But continua from Cantor onwards have been seen as composed of
non-finite individuals. And not only that is the change. For also the
number of individuals in some set of individuals — whether cows, or
the non-finite elements in beef — has been taken to be possibly
non-finite, with a whole containing those individuals being then still
available: the infinite set of them. We now commonly have the idea
that there may be infinite sets first of finite entities, which will
then be "countable" or "denumerable," but also there will be sets of
non-finite, infinitesimal entities, which will be "uncountable," or
"non-denumerable."
It is important to appreciate the grip that these new ideas had on the
late nineteenth century generation of mathematicians and logicians,
since it came to seem, as a result of these sorts of changes, that
everything in mathematics was going to be explainable in terms of
sets: Set Theory looked like it would become the entire foundation for
mathematics. Only once one has appreciated this expectation, which the
vanguard of theorists uniformly had, can one realise the very severe
jolt to that society which came with the discovery of Russell's
Paradox, and several others at much the same time, around the turn of
the century. For Russell's Paradox showed that not everything could be
a set.
If we write "x is F" as "Fx"—as came to be common in this same
period—then the set of F's is written
{x|Fx},
and to say a is F, that is Fa, would then seem to be to say that a
belonged to this set, that is
a ∈ {x|Fx},
where the symbol "∈" represents "is a member of."

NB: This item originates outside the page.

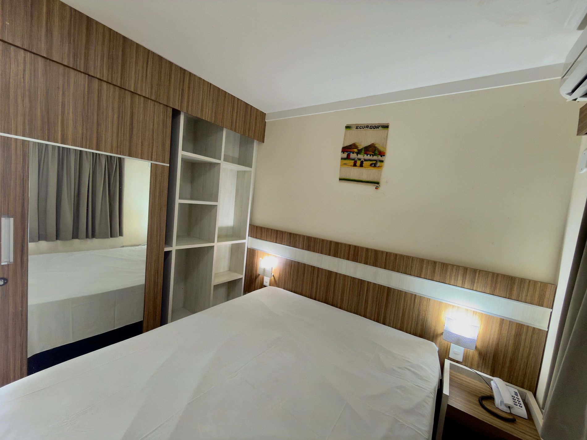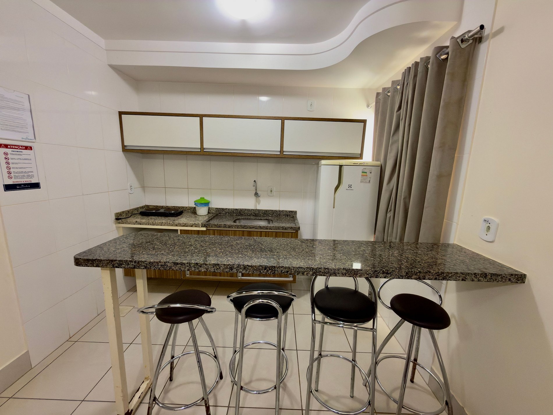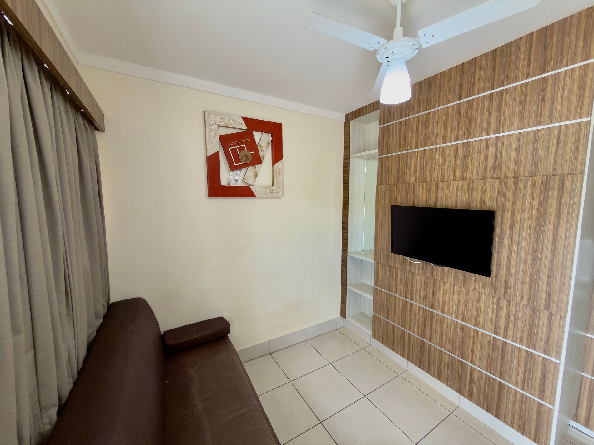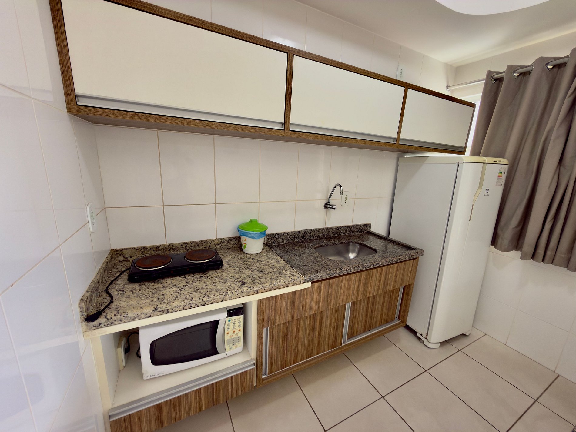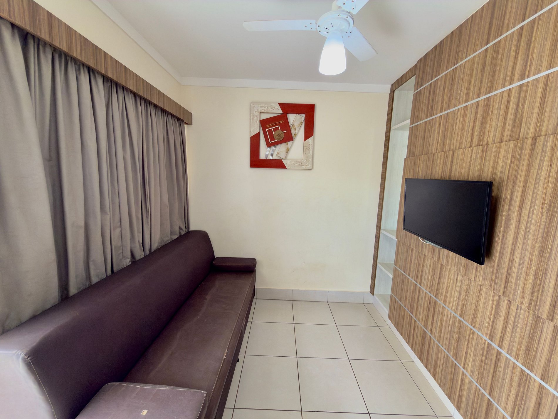 Flats contendo suíte de casal com TV e ar condicionado. Sala com sofá cama de casal, TV, ventilador de teto. Cozinha compacta com geladeira, microondas, fogão elétrico.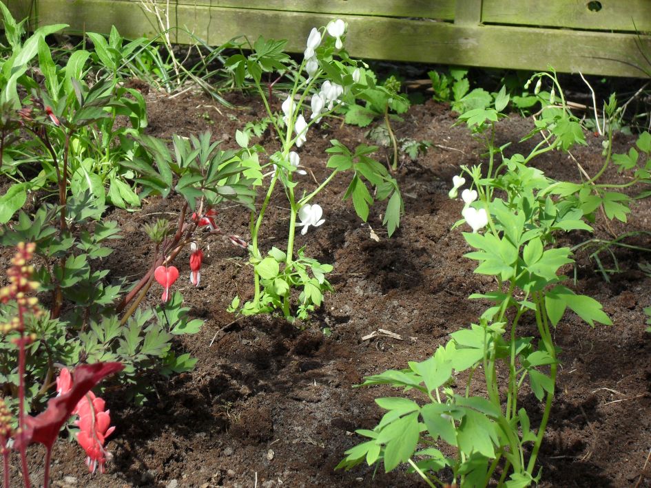 Den Tränenden Herzen geht es sehr gut. Sie blühen langsam ab, und wir spekulieren, ob sie ein zweites Mal Blüten treiben werden.

It therefore seems plausible to enunciate this as a general principle,
for all y: y ∈ {x|Fx} if and only if Fy,
which is symbolised in contemporary logic,
(y)(y ∈ {x|Fx} iff Fy).
But if the result held for all predicates "F" then we could say, for any "F"
there is a z such that: (y)(y ∈ z iff Fy),
which is now formalised
(∃>z)(y)(y ∈ z iff Fy).
In the foundations of Arithmetic which Frege described in his major
logical works Begriffschrift, and Grundgesetze, this principle is a
major axiom (Kneale and Kneale 1962, Ch 8), but Russell found it was
logically impossible, since if one takes for "Fy" the specific
predicate "y does not belong to y," that is "¬ y ∈ y" then it requires
(∃>z)(y)(y ∈ z iff ¬ y ∈ y),
wherefrom, given the above meanings of "(∃>z)" and "(y)", we get the
contradiction
z ∈ z iff ¬ z ∈ z,
that is z is a member of itself if and only if it is not a member of
itself. As a result of this paradox which Russell discovered, the
theory of sets was considerably altered, and limits were put on
Frege's axiom, so that, for instance, either it defined merely subsets
of known sets (Zermelo's theory), or allowed one to discriminate sets
from other entities — usually called "proper classes" (von Neumann's
theory). In the latter case those things which are not members of
themselves form a proper class but not a set, and proper classes
cannot be members of anything.
But there were other reasons why it came to be realised that sets
could not always be formed, following the discovery of Burali-Forti's
and Cantor's Paradoxes. Burali-Forti's Paradox is about certain sets
called "ordinals," because of their connection with the ordinals of
ordinary language, that is "first," "second," "third," etc. The sets
which are ordinals are so ordered that each one is a member of all the
following ones, and so, with no limit envisaged to the sets which
could be formed, it seemed possible to prove that any succession of
such ordinals would themselves be members of a further ordinal – which
would have to be distinct from each of them. The trouble came in
considering the totality of all ordinals, since that would mean that
there would have to be a further distinct ordinal not in this
totality, and yet it was supposed to be the totality of all ordinals.
A very similar contradiction is reached in Cantor's Paradox.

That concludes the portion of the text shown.